Exercise data
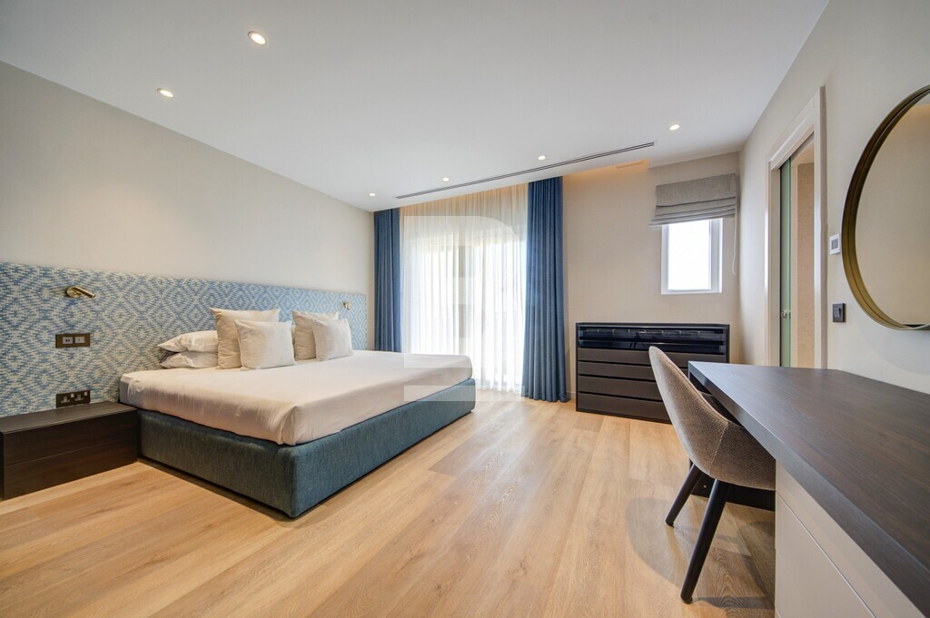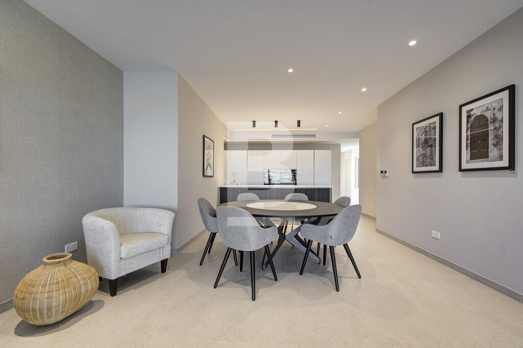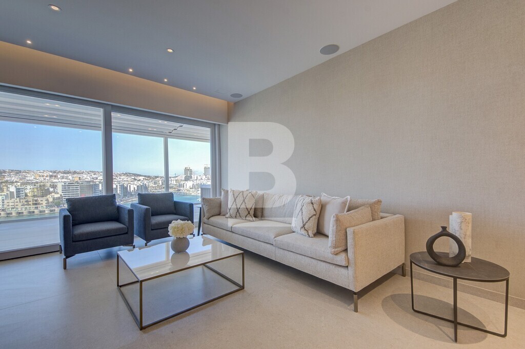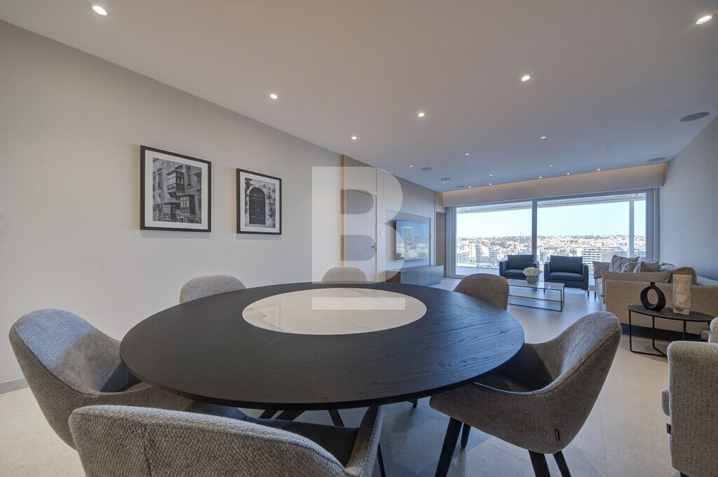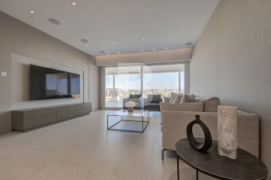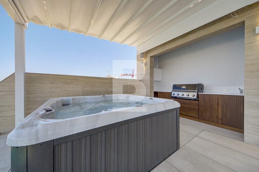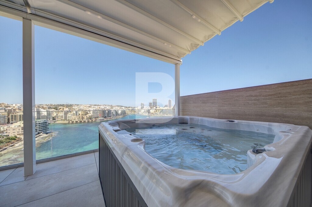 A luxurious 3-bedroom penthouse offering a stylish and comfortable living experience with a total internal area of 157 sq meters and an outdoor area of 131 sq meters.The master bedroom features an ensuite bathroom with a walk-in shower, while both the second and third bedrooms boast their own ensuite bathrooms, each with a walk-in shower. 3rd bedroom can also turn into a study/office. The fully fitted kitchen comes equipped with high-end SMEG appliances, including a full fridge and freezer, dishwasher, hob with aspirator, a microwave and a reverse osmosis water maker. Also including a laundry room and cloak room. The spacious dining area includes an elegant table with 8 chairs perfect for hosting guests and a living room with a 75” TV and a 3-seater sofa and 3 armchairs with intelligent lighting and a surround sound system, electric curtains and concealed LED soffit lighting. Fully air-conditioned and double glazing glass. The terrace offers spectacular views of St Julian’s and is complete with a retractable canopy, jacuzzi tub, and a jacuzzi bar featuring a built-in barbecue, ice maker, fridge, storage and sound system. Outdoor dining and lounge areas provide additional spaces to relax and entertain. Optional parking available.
* * *
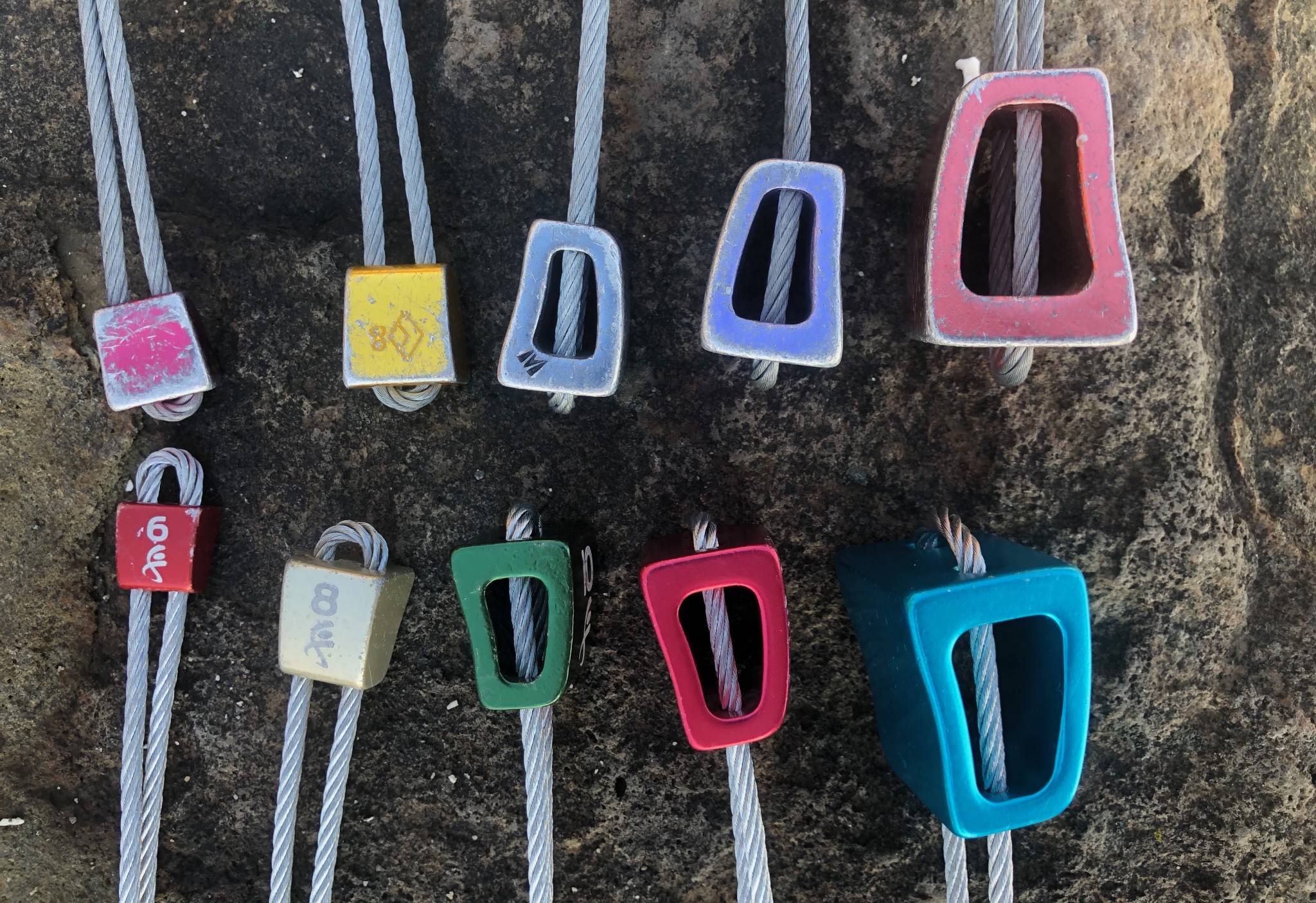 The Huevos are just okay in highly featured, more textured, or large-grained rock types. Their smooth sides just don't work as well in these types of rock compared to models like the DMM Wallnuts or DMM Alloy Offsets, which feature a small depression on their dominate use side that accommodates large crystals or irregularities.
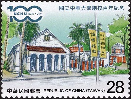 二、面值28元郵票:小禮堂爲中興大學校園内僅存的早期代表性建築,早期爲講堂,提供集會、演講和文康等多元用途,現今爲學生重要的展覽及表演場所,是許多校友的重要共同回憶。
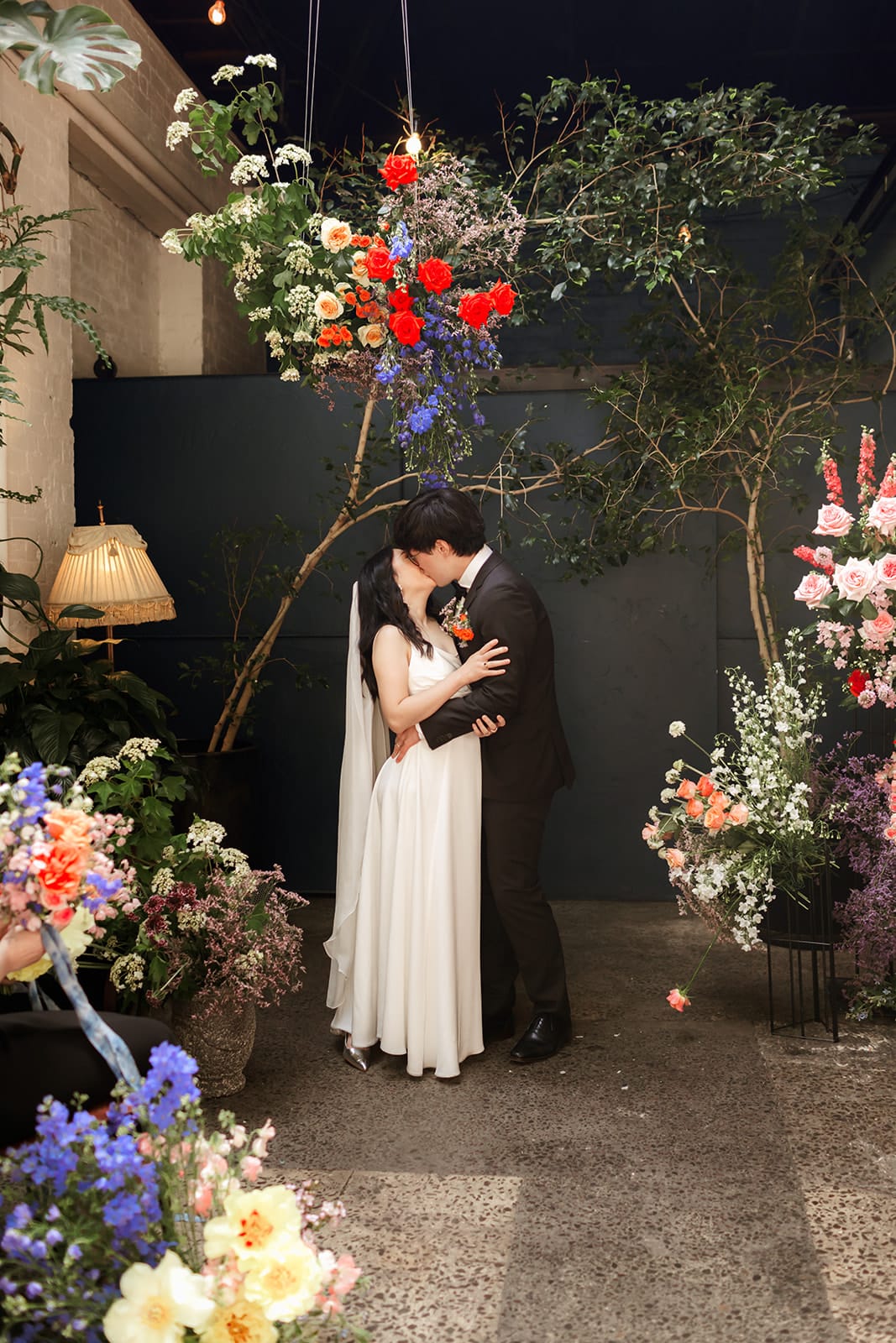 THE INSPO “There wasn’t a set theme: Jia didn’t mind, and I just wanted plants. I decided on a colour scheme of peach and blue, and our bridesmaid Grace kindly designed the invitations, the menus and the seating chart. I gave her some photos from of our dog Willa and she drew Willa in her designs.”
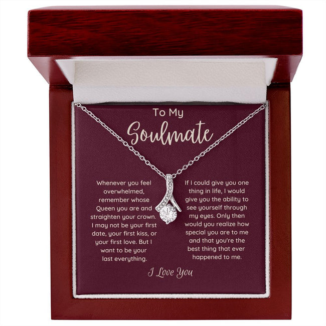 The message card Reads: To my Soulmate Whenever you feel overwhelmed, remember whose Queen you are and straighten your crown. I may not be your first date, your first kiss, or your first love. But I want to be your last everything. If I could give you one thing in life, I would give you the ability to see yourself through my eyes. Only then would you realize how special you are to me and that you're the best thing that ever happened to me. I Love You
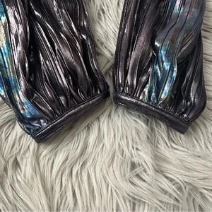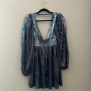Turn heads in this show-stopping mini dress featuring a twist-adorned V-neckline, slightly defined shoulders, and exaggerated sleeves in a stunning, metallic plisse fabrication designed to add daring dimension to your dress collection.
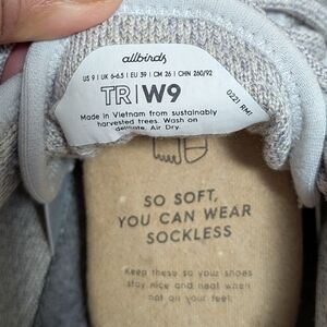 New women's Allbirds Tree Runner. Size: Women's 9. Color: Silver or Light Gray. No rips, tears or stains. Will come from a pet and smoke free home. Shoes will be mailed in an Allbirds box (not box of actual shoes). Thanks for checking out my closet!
==
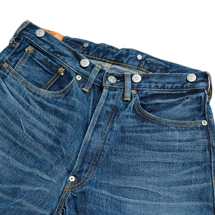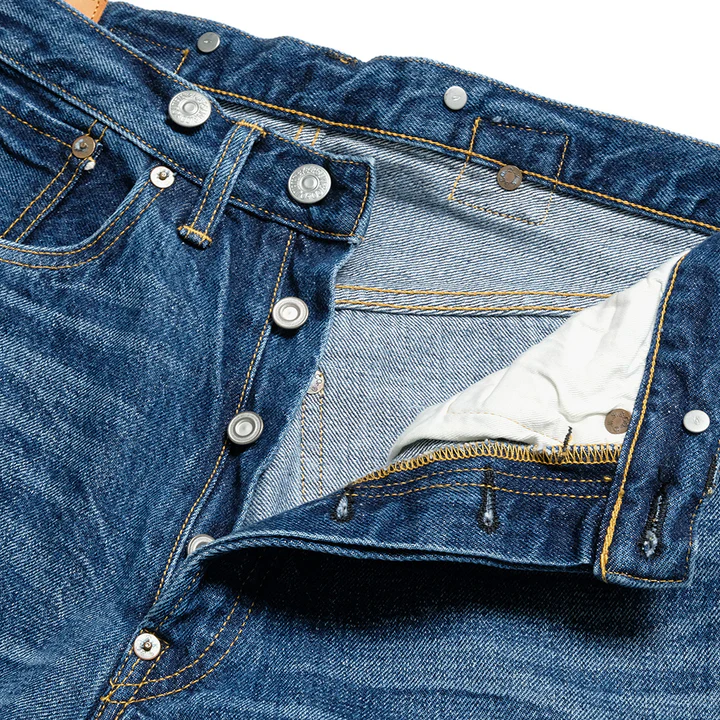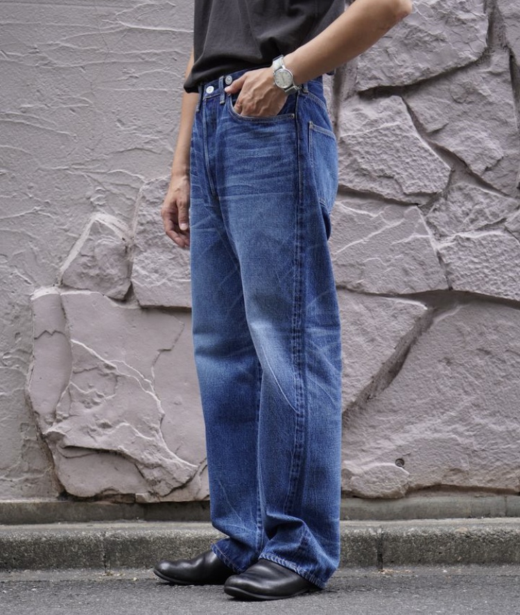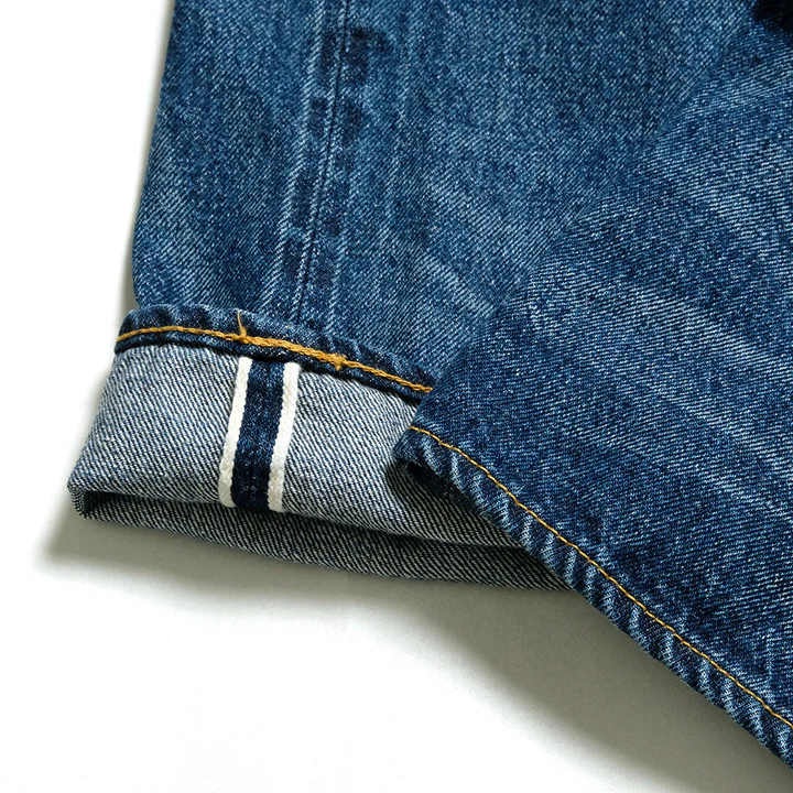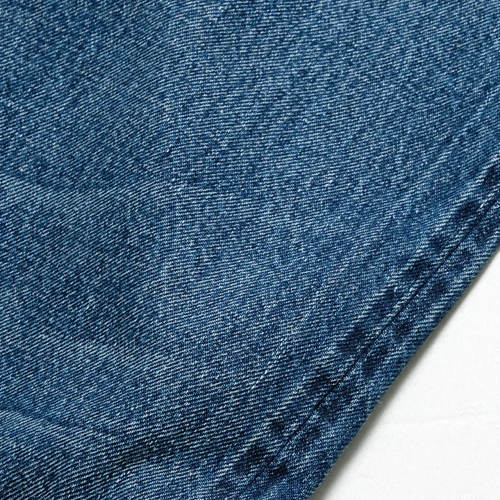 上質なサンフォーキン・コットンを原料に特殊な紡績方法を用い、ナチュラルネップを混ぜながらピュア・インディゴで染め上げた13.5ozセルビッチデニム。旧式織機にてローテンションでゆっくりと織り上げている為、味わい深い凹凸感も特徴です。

Directions
Range to copy from the records above: the line containing "The Huevos are" to the line containing "Turn heads in", both included. Output those lines exactly and only those, skipping pictures.

Exercise output
 The Huevos are just okay in highly featured, more textured, or large-grained rock types. Their smooth sides just don't work as well in these types of rock compared to models like the DMM Wallnuts or DMM Alloy Offsets, which feature a small depression on their dominate use side that accommodates large crystals or irregularities.
 二、面值28元郵票:小禮堂爲中興大學校園内僅存的早期代表性建築,早期爲講堂,提供集會、演講和文康等多元用途,現今爲學生重要的展覽及表演場所,是許多校友的重要共同回憶。
 THE INSPO “There wasn’t a set theme: Jia didn’t mind, and I just wanted plants. I decided on a colour scheme of peach and blue, and our bridesmaid Grace kindly designed the invitations, the menus and the seating chart. I gave her some photos from of our dog Willa and she drew Willa in her designs.”
 The message card Reads: To my Soulmate Whenever you feel overwhelmed, remember whose Queen you are and straighten your crown. I may not be your first date, your first kiss, or your first love. But I want to be your last everything. If I could give you one thing in life, I would give you the ability to see yourself through my eyes. Only then would you realize how special you are to me and that you're the best thing that ever happened to me. I Love You
Turn heads in this show-stopping mini dress featuring a twist-adorned V-neckline, slightly defined shoulders, and exaggerated sleeves in a stunning, metallic plisse fabrication designed to add daring dimension to your dress collection.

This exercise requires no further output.